[Tuttle commented several times about the toll taken by prolonged artillery exchanges.]
If life in our camps is made difficult by enemy artillery, for troops up on the line it is truly brutal. Soldiers and Marines in many places have been on static lines for a week or more. On these lines the Japanese deliver regular volleys of smaller artillery and mortar fire, which can reach down into the deepest protective hole. The barrages are often followed by infantry charges or preceded by sneak attacks.
Life under artillery fire is an inestimable and unrelenting agony. One is sleep deprived, lonely, scared, and above all helpless to do anything about it. There is no rational response. Some flavor of functional lunacy is required to carry on, be it bitter hardness or detached resignation. Cases of shell shock accumulate when a front is static – one more reason commanders are anxious to maneuver and push forward again.
It is certain that life on the Japanese side is even worse. For every scattering of shells they send, we are carpeting whole hills and valleys. We fire patterns of shells at the taller rocky mountains deliberately on schedule at the same time each day and night. The barrage is not meant to catch anyone by surprise. It is meant to reinforce the idea that we can do this at will and without end. Japanese there are probably hiding deep down in well stocked caves. It’s fine by us if they simply stay there.
Ernie Pyle wrote that in Italy some artillery men figured that we were spending about $25,000 for every German soldier killed. They wondered what would happen if we just offered each of them that much cash to surrender instead. Pyle didn’t think much would happen.

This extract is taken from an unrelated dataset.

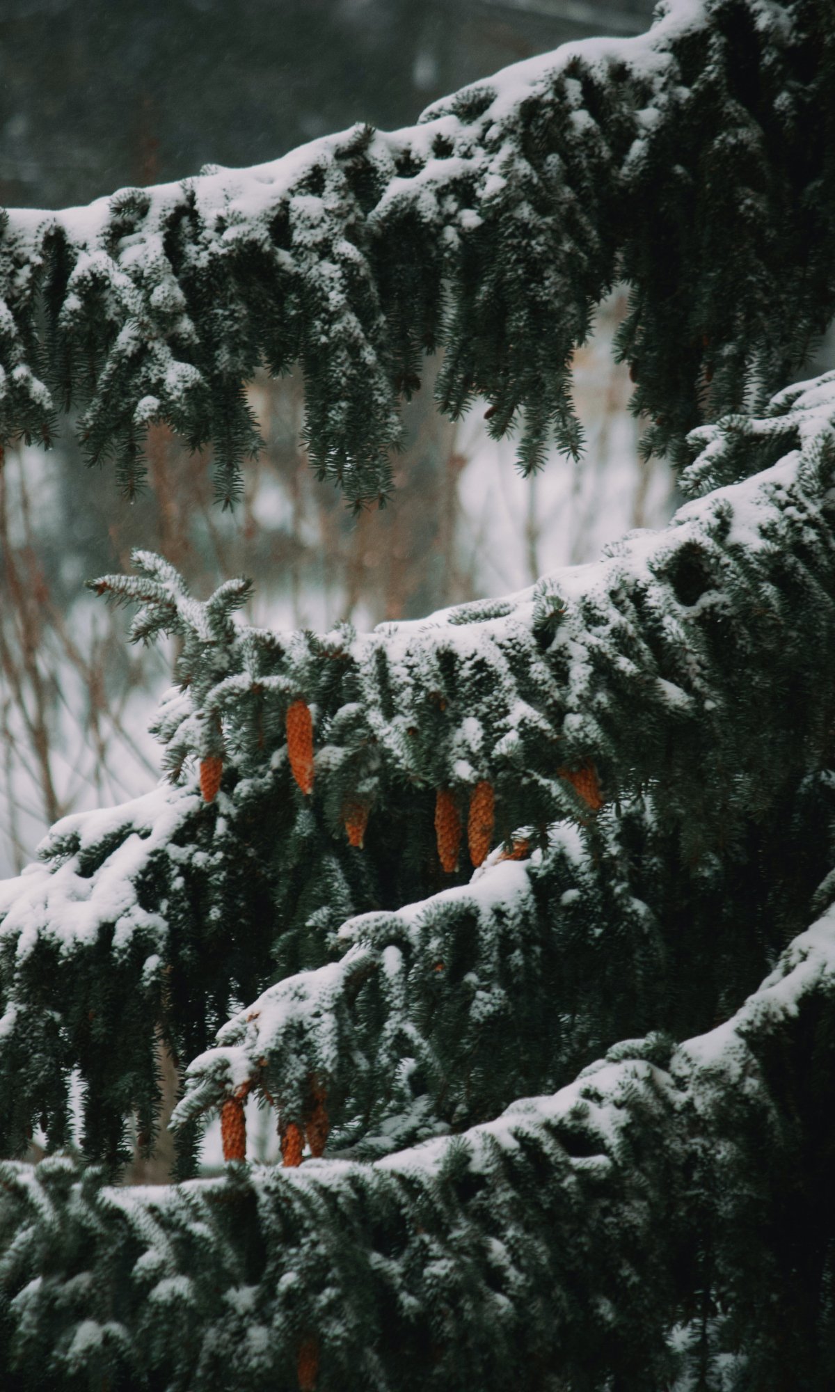 Обои: ель, зима, снег - 1200x2000
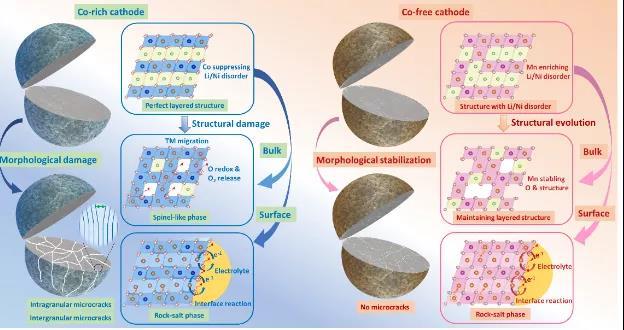 總體而言,該團(tuán)隊(duì)發(fā)現(xiàn)一系列形態(tài)和結(jié)構(gòu)降解機(jī)制,可以解釋為什么富鈷正極的容量隨著時(shí)間推移迅速衰減。這項(xiàng)研究對(duì)于設(shè)計(jì)高性能、低成本的無(wú)鈷電池具有重要的指導(dǎo)意義。在這些發(fā)現(xiàn)的基礎(chǔ)上,研究人員提出一系列無(wú)鈷正極材料,并驗(yàn)證這些材料具有良好的性能,將來(lái)有望應(yīng)用于可充電電池,并大規(guī)模投入商用。

I put the question to members of a supply company here. They spent some time doing some serious accounting. Their total came to $127,200 for each Jap. They agree with me that few of them would surrender for even that lofty ransom. We are going to have to go get those Japanese soldiers the old fashioned way. Toward that end the first large reinforcing unit, a whole division, is due here from the Philippines in the next few days. There is no word yet on where it will go.